Смеётся, метнув в меня недобрый взгляд.
— Знаешь, сколько девок у меня было за последние пару лет? — хвалится, задирая подбородок. — Ууу. Много. Когда ты звонила, кстати, на кухне не друзья тусовались, а Лали. Помнишь нашу симпотную горничную?
— Меня нисколько не задевает эта информация, Леван. Раньше, возможно, расстроилась бы, но сейчас мне всё равно, — признаюсь абсолютно искренне. — Знаешь, только чего не понимаю?
— Чего, родная?
Морщусь.
В нынешних обстоятельствах это его «родная» звучит как самое настоящее издевательство.
— Зачем я тебе? Зачем женитьба?
— Нет, Тата, давай без этого. Даже не пытайся. Я не намерен терять новенькую хату в столице, тачку, ежемесячный денежный взгрев и другие плюшки.
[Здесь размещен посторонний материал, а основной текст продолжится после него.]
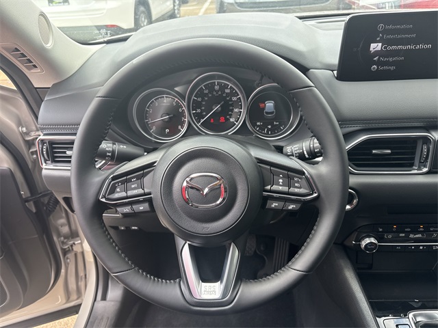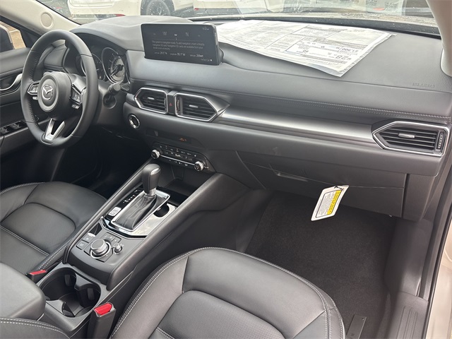 in, Driver vanity mirror, Dual front impact airbags, Dual front side impact airbags, E911 Automatic Emergency Notification, Electronic Stability Control, Emergency communication system: MAZDA CONNECT, Exterior Parking Camera Rear, Four wheel independent suspension, Front anti-roll bar, Front Bucket Seats, Front Center Armrest w/Storage, Front dual zone A/C, Front reading lights, Fully automatic headlights, Garage door transmitter: HomeLink, Heated Front Bucket Seats, Heated front seats, Illuminated entry, Infotainment System Voice Command, Leather Seat Trim, Leather Shift Knob, Leather steering wheel, Low tire pressure warning, Memory seat, Multifunction Commander Control, Occupant sensing airbag, Outside temperature display, Overhead airbag, Overhead console, Pandora, Panic alarm, Passenger door bin, Passenger vanity mirror, Power door mirrors, Power driver seat, Power Liftgate, Power moonroof, Power passenger seat, Power steering, Power windows, Radio Broadcast Data System Program Information, Radio data system, Radio: AM/FM/HD Audio System, Rain sensing wipers, Rear anti-roll bar, Rear reading lights, Rear seat center armrest, Rear window defroster, Rear window wiper, Remote keyless entry, SMS Text Msg Audio Delivery & Reply, Speed control, Speed-sensing steering, Split folding rear seat, Spoiler, Steering wheel mounted audio controls, Tachometer, Telescoping steering wheel, Tilt steering wheel, Traction control, Trip computer, Turn signal indicator mirrors, Variably intermittent wipers, and Wheels: 17" x 7J Aluminum Alloy. 2025 Platinum Quartz Metallic Mazda CX-5 2.5 S Preferred Package 4D Sport Utility AWD SKYACTIV® 2.5L 4-Cylinder DOHC 16V 6-Speed Automatic Pricing is subject to change without prior notice. Not all forms of payment are accepted. Residency restrictions apply. See dealer for complete details. Price includes: $2500 - Customer Cash. Exp. 02/02/2026

— Ты мог бы с лёгкостью найти кого-то другого на роль своей невесты.
— Отцу нужно, чтобы ею была ты. Чуешь связь? Ты же не тупая.
— Что вы задумали?
Не могу отделаться от ощущения, что всё это как-то связано с бизнесом.
Горозия собирается что-то ответить, но внезапно в поле нашего зрения появляется чёрный Kаwаsаki. Точнее сперва мы слышим его адский рёв.
Марсель!
В экипировке и шлеме.
Едва вижу, как проносится мимо, целый фейерверк эмоций чувствую.
Волнение. Трепет. Радость. Страх.
— Чё за херня? Чё он исполняет? — не сразу включается в происходящее Леван, когда видит, что мотоцикл сначала сбавляет ход, равняясь с ним, а затем, стартанув вперёд, намеренно его подрезает.
— Осторожно! — кричу, ведь расстояние между машиной и Kаwаsаki опасно сокращается.
— А, так это тот кучерявый тип, с которым ты замутила? — доходит до него медленно, но верно.
Абрамов тем временем рукой сигнализирует ему, чтобы съехал на обочину.
Горозия в ответ сигналит и демонстрирует средний палец.
— Остановись!
— В шахматы поиграть решил? Ну, давай поиграем, — улыбается зло.
— Леван, пожалуйста.
— Не тявкай под руку, — выбирает момент и газует, разгоняя свой внедорожник.
— Прошу тебя!
То, что они начинают творить на трассе, пугает меня до жути. И не одну меня, судя по тому, что Левану без конца названивает отец, который едет где-то сзади на своём гелендвагене.
— Хватит! Остановись!
— Заткнись! — матом на меня орёт, в очередной раз меняя полосу.
— Прекратите!
Им уже и другие водители сигналят, но беспредел продолжается.
Мотоцикл Абрамова едет по краю обочины, поднимая за собой столб пыли, и намеренно врезается в водительскую дверь.
— Тормози!
— Вот тварь! Тачку мне поцарапал!
Клянусь, у Горозии будто планку срывает. Неадекватным становится. Я его таким никогда не видела.
— Леван! Пожалуйста! Умоляю! Не надо! — судорожно цепляюсь пальцами правой руки за ручку.
Он, стиснув зубы, вжимает педаль газа в пол. Да только Kаwаsаki, естественно, разгоняется куда быстрее.
Снова опасные шахматы, но внезапно дорога сужается. Из-за проводимых ремонтных работ она становится двухполосной.
Марсель решает этим воспользоваться. Держась перед нами, резко сбавляет скорость. Почти останавливается.
— Жми на тормоз! Ты собьёшь его!
— Очканёт.
— Тормози!
Всё, что происходит дальше, — это секунды истинного кошмара.